[Saved data entries]
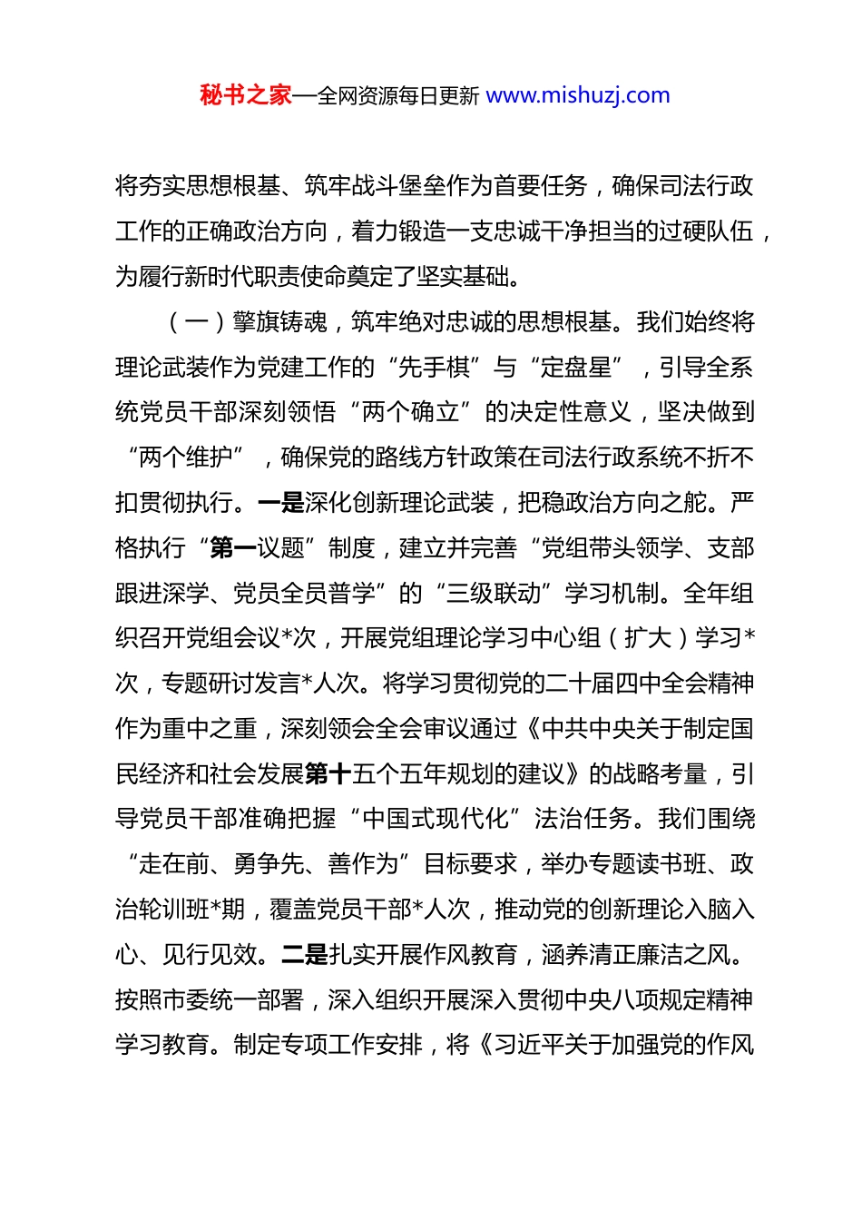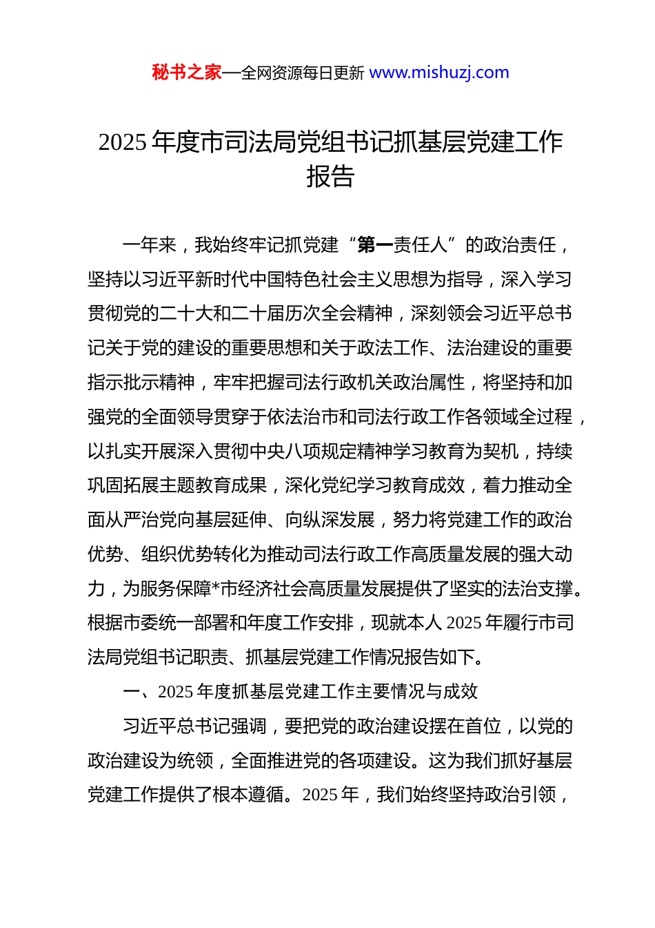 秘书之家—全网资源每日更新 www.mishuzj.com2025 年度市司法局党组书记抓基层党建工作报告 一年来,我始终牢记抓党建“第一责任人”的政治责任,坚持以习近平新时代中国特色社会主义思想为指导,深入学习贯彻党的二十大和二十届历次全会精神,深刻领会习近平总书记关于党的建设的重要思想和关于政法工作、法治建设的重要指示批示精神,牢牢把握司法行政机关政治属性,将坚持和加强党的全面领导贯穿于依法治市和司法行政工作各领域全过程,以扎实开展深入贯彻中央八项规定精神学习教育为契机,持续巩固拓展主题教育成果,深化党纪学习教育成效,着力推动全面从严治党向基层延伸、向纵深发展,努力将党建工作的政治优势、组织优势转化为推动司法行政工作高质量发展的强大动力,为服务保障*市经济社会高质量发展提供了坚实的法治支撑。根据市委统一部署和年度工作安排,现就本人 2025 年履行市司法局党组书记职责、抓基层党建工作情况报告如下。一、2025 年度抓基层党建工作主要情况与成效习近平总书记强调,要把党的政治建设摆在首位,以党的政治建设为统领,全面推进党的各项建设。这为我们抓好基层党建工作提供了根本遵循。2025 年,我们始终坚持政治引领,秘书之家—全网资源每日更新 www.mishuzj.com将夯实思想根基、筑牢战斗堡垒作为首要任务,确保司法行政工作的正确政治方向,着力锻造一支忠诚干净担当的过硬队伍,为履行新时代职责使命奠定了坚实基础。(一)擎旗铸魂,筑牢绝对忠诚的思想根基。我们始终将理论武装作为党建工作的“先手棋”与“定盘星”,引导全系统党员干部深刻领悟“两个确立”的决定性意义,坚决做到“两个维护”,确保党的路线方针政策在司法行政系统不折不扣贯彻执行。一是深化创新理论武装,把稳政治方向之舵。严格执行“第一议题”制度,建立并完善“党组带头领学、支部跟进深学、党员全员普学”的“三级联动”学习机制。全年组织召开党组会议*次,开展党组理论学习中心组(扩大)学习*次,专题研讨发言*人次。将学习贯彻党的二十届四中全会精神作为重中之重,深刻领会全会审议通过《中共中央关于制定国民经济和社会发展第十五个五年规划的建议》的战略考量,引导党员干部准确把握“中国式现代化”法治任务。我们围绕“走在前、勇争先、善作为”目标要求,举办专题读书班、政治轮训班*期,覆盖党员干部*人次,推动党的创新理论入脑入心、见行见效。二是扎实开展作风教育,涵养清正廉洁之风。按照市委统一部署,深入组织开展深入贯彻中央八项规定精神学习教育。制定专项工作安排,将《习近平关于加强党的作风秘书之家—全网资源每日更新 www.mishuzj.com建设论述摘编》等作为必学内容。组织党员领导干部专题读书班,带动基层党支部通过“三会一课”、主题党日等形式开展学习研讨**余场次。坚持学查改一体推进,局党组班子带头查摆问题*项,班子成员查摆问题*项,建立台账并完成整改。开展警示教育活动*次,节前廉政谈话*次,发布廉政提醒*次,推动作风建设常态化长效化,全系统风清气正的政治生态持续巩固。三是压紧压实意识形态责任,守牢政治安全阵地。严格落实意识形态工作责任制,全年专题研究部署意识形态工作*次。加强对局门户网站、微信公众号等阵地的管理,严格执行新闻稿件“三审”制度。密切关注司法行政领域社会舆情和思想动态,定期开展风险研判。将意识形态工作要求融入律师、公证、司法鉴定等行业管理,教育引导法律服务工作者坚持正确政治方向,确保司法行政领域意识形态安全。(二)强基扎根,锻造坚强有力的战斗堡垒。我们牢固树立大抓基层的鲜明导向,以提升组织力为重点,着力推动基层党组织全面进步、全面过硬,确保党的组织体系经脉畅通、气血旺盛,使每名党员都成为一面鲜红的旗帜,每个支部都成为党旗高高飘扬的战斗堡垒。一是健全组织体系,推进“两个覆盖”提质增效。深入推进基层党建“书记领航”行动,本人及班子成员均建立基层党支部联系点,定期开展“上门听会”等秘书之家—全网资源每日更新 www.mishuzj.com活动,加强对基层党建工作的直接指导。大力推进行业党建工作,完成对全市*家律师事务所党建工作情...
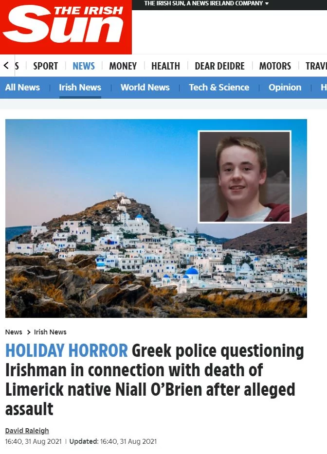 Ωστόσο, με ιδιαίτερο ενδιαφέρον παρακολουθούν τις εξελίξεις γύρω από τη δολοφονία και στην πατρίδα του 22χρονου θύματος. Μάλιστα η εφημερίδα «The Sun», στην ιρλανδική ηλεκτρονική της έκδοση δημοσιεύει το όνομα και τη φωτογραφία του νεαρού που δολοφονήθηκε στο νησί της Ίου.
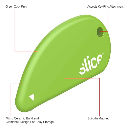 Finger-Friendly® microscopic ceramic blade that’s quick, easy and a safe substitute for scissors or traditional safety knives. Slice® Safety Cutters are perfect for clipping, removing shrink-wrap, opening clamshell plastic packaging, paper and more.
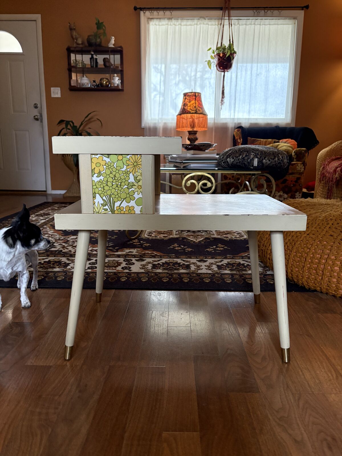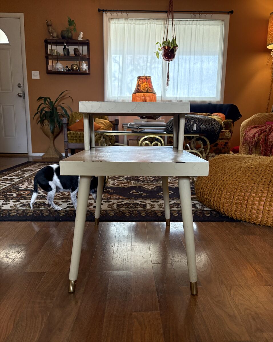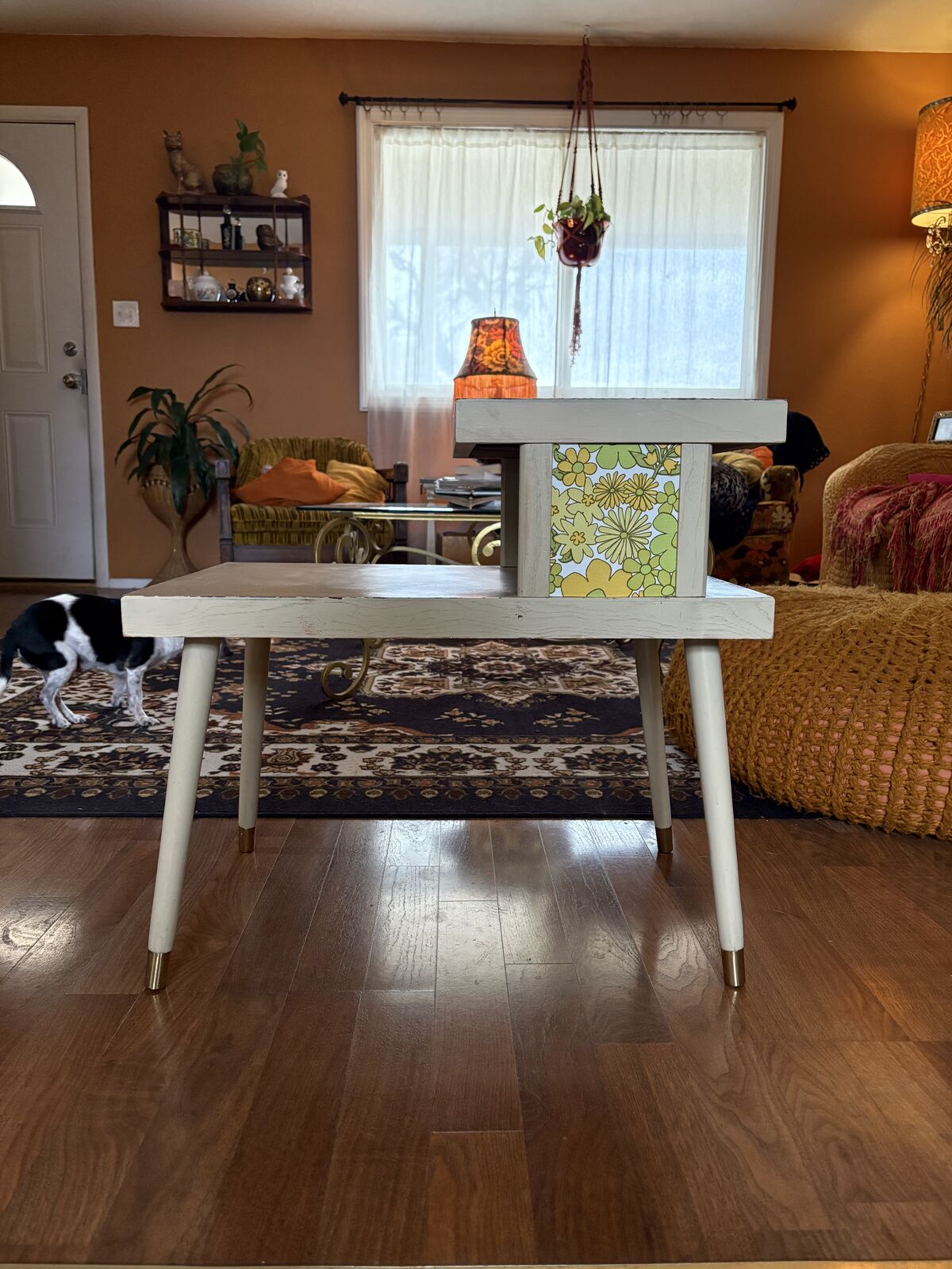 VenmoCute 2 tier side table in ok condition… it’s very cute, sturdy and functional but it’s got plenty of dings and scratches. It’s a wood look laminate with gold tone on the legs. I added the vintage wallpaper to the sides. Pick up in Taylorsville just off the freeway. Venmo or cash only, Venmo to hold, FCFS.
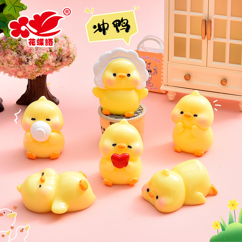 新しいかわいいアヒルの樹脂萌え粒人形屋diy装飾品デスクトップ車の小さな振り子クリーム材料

What the exercise asks: The result should be a precise copy of all the entries, free of pictures.

Task result:
 秘书之家—全网资源每日更新 www.mishuzj.com2025 年度市司法局党组书记抓基层党建工作报告 一年来,我始终牢记抓党建“第一责任人”的政治责任,坚持以习近平新时代中国特色社会主义思想为指导,深入学习贯彻党的二十大和二十届历次全会精神,深刻领会习近平总书记关于党的建设的重要思想和关于政法工作、法治建设的重要指示批示精神,牢牢把握司法行政机关政治属性,将坚持和加强党的全面领导贯穿于依法治市和司法行政工作各领域全过程,以扎实开展深入贯彻中央八项规定精神学习教育为契机,持续巩固拓展主题教育成果,深化党纪学习教育成效,着力推动全面从严治党向基层延伸、向纵深发展,努力将党建工作的政治优势、组织优势转化为推动司法行政工作高质量发展的强大动力,为服务保障*市经济社会高质量发展提供了坚实的法治支撑。根据市委统一部署和年度工作安排,现就本人 2025 年履行市司法局党组书记职责、抓基层党建工作情况报告如下。一、2025 年度抓基层党建工作主要情况与成效习近平总书记强调,要把党的政治建设摆在首位,以党的政治建设为统领,全面推进党的各项建设。这为我们抓好基层党建工作提供了根本遵循。2025 年,我们始终坚持政治引领,秘书之家—全网资源每日更新 www.mishuzj.com将夯实思想根基、筑牢战斗堡垒作为首要任务,确保司法行政工作的正确政治方向,着力锻造一支忠诚干净担当的过硬队伍,为履行新时代职责使命奠定了坚实基础。(一)擎旗铸魂,筑牢绝对忠诚的思想根基。我们始终将理论武装作为党建工作的“先手棋”与“定盘星”,引导全系统党员干部深刻领悟“两个确立”的决定性意义,坚决做到“两个维护”,确保党的路线方针政策在司法行政系统不折不扣贯彻执行。一是深化创新理论武装,把稳政治方向之舵。严格执行“第一议题”制度,建立并完善“党组带头领学、支部跟进深学、党员全员普学”的“三级联动”学习机制。全年组织召开党组会议*次,开展党组理论学习中心组(扩大)学习*次,专题研讨发言*人次。将学习贯彻党的二十届四中全会精神作为重中之重,深刻领会全会审议通过《中共中央关于制定国民经济和社会发展第十五个五年规划的建议》的战略考量,引导党员干部准确把握“中国式现代化”法治任务。我们围绕“走在前、勇争先、善作为”目标要求,举办专题读书班、政治轮训班*期,覆盖党员干部*人次,推动党的创新理论入脑入心、见行见效。二是扎实开展作风教育,涵养清正廉洁之风。按照市委统一部署,深入组织开展深入贯彻中央八项规定精神学习教育。制定专项工作安排,将《习近平关于加强党的作风秘书之家—全网资源每日更新 www.mishuzj.com建设论述摘编》等作为必学内容。组织党员领导干部专题读书班,带动基层党支部通过“三会一课”、主题党日等形式开展学习研讨**余场次。坚持学查改一体推进,局党组班子带头查摆问题*项,班子成员查摆问题*项,建立台账并完成整改。开展警示教育活动*次,节前廉政谈话*次,发布廉政提醒*次,推动作风建设常态化长效化,全系统风清气正的政治生态持续巩固。三是压紧压实意识形态责任,守牢政治安全阵地。严格落实意识形态工作责任制,全年专题研究部署意识形态工作*次。加强对局门户网站、微信公众号等阵地的管理,严格执行新闻稿件“三审”制度。密切关注司法行政领域社会舆情和思想动态,定期开展风险研判。将意识形态工作要求融入律师、公证、司法鉴定等行业管理,教育引导法律服务工作者坚持正确政治方向,确保司法行政领域意识形态安全。(二)强基扎根,锻造坚强有力的战斗堡垒。我们牢固树立大抓基层的鲜明导向,以提升组织力为重点,着力推动基层党组织全面进步、全面过硬,确保党的组织体系经脉畅通、气血旺盛,使每名党员都成为一面鲜红的旗帜,每个支部都成为党旗高高飘扬的战斗堡垒。一是健全组织体系,推进“两个覆盖”提质增效。深入推进基层党建“书记领航”行动,本人及班子成员均建立基层党支部联系点,定期开展“上门听会”等秘书之家—全网资源每日更新 www.mishuzj.com活动,加强对基层党建工作的直接指导。大力推进行业党建工作,完成对全市*家律师事务所党建工作情...
 Ωστόσο, με ιδιαίτερο ενδιαφέρον παρακολουθούν τις εξελίξεις γύρω από τη δολοφονία και στην πατρίδα του 22χρονου θύματος. Μάλιστα η εφημερίδα «The Sun», στην ιρλανδική ηλεκτρονική της έκδοση δημοσιεύει το όνομα και τη φωτογραφία του νεαρού που δολοφονήθηκε στο νησί της Ίου.
 Finger-Friendly® microscopic ceramic blade that’s quick, easy and a safe substitute for scissors or traditional safety knives. Slice® Safety Cutters are perfect for clipping, removing shrink-wrap, opening clamshell plastic packaging, paper and more.
 VenmoCute 2 tier side table in ok condition… it’s very cute, sturdy and functional but it’s got plenty of dings and scratches. It’s a wood look laminate with gold tone on the legs. I added the vintage wallpaper to the sides. Pick up in Taylorsville just off the freeway. Venmo or cash only, Venmo to hold, FCFS.
 新しいかわいいアヒルの樹脂萌え粒人形屋diy装飾品デスクトップ車の小さな振り子クリーム材料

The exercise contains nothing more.